■ **Exercise aim**: Starting with the line that holds "5.Kit de arte", reproduce each line through the last one of the data, exactly as written. Pictures are not copied.

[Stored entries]
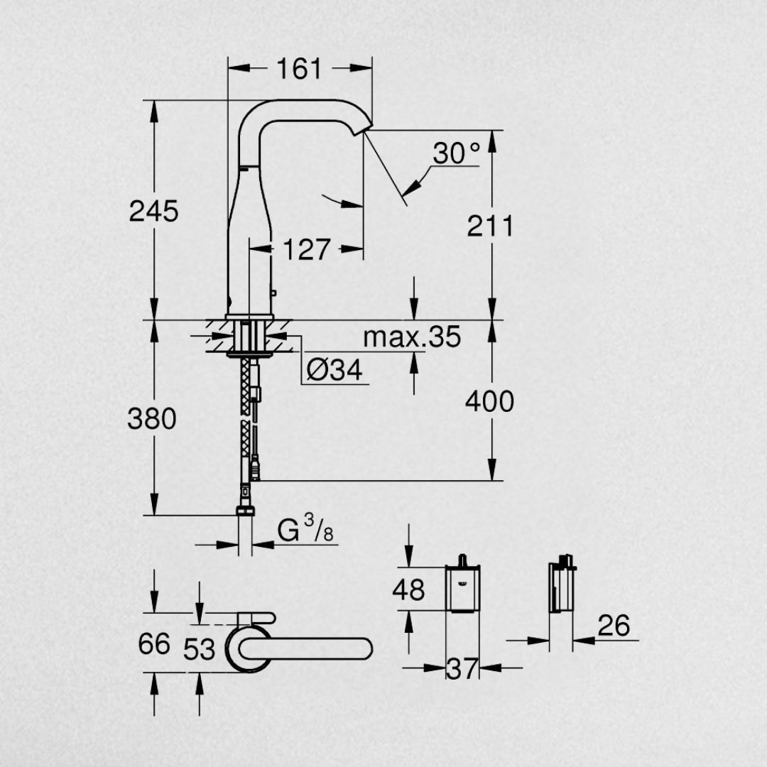 خلاط حوض حمام جروهي أيسانس قلب سيراميك بالاشعة تحت الحمراء للتحكم فى المياه, اللون ذهبي من جروهي كود 36445GN0
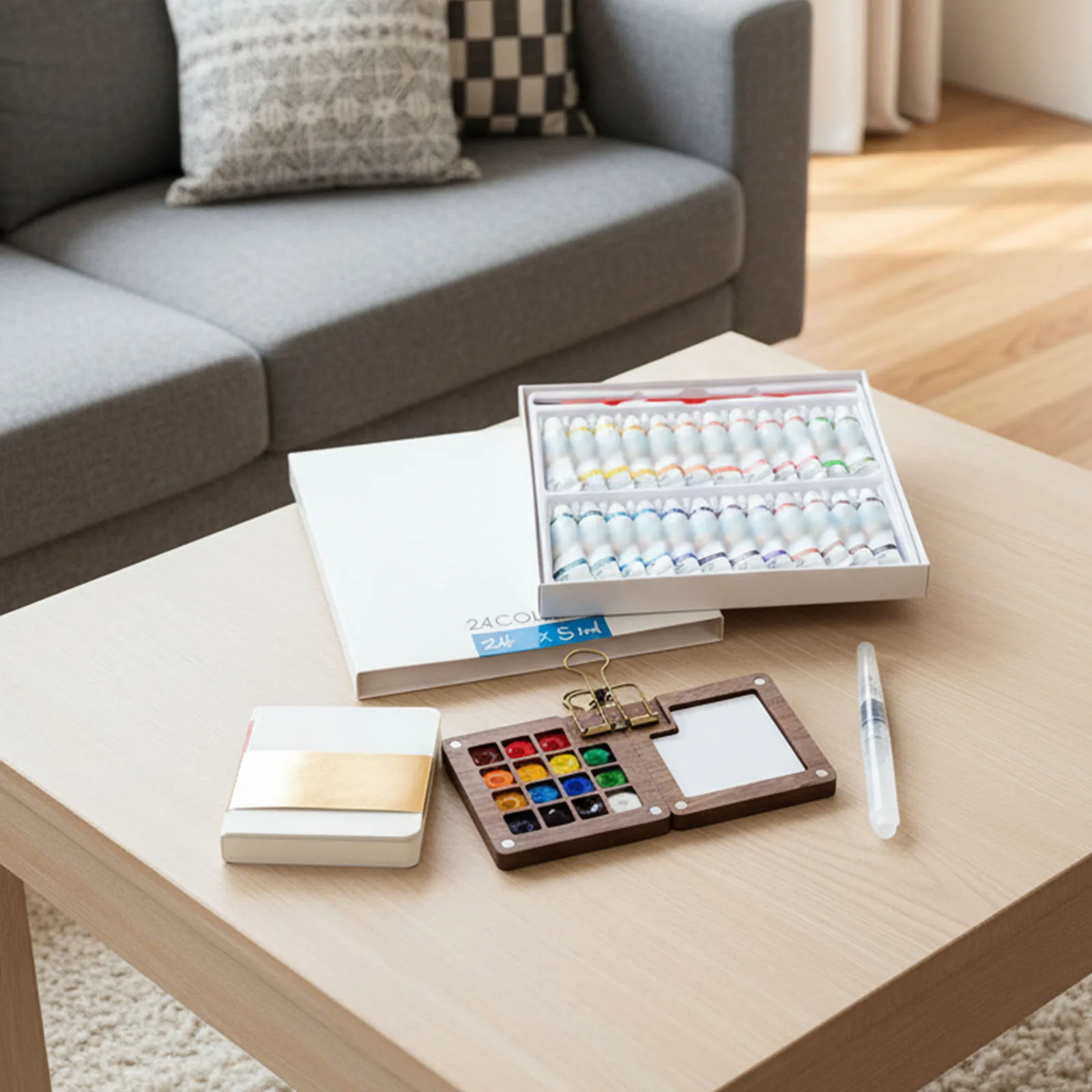 5.Kit de arte de bolsillo todo en uno:Equipado con un cuaderno de bocetos, una paleta y un pincel, el Pocket Travel Paint Kit contiene todo lo necesario para comenzar a pintar de inmediato, ya sea en casa o disfrutando de la creatividad al aire libre.
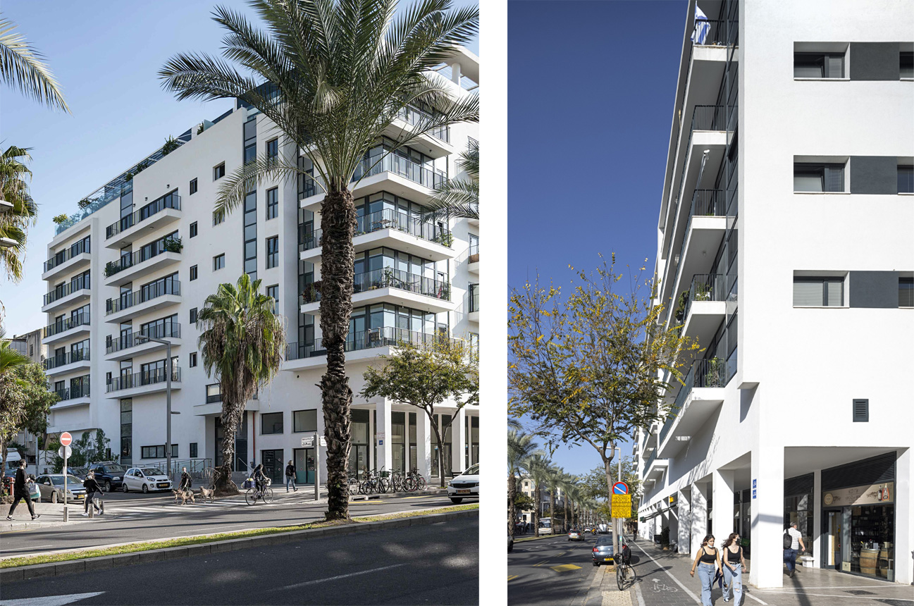 השפה האדריכלית של המבנה מתאפיינת בקווים אופקיים ישרים ואלגנטיים המלווים את החזית הראשית ושימוש בחומריות ואלמנטים ברוח אדריכלות "העיר הלבנה" והאקלים הארץ ישראלי– טיח לבן, מרפסות עם מעקות ברזל, וא-סימטריות המתמודדת עם חזית משמעותית וארוכה הפונה לרחוב. קומת הגג נמצאת בנסיגה ומאופיינת ע"י קרניז גג מרחף שמצל על מרפסת גדולה העוטפת את הדירות. הנסיגה מאפשרת גם מרפסות גדולות ונדיבות שבשילוב קירות זכוכית מספקות מבט פנורמי מדהים על העיר.
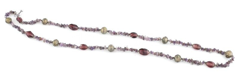 Leírás: Ametiszt nyaklánc, ezüstözött fém gyöngyökkel, h: 96cm
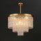 The Giovanni Grande Chandelier is a midcentury marvel. It features K9 glass with a textured finish, creating a beautiful, diffused light. Its solid brass frame and linear architectural tiers make it a striking addition to any home decor.

■ **Written response**:
 5.Kit de arte de bolsillo todo en uno:Equipado con un cuaderno de bocetos, una paleta y un pincel, el Pocket Travel Paint Kit contiene todo lo necesario para comenzar a pintar de inmediato, ya sea en casa o disfrutando de la creatividad al aire libre.
 השפה האדריכלית של המבנה מתאפיינת בקווים אופקיים ישרים ואלגנטיים המלווים את החזית הראשית ושימוש בחומריות ואלמנטים ברוח אדריכלות "העיר הלבנה" והאקלים הארץ ישראלי– טיח לבן, מרפסות עם מעקות ברזל, וא-סימטריות המתמודדת עם חזית משמעותית וארוכה הפונה לרחוב. קומת הגג נמצאת בנסיגה ומאופיינת ע"י קרניז גג מרחף שמצל על מרפסת גדולה העוטפת את הדירות. הנסיגה מאפשרת גם מרפסות גדולות ונדיבות שבשילוב קירות זכוכית מספקות מבט פנורמי מדהים על העיר.
 Leírás: Ametiszt nyaklánc, ezüstözött fém gyöngyökkel, h: 96cm
 The Giovanni Grande Chandelier is a midcentury marvel. It features K9 glass with a textured finish, creating a beautiful, diffused light. Its solid brass frame and linear architectural tiers make it a striking addition to any home decor.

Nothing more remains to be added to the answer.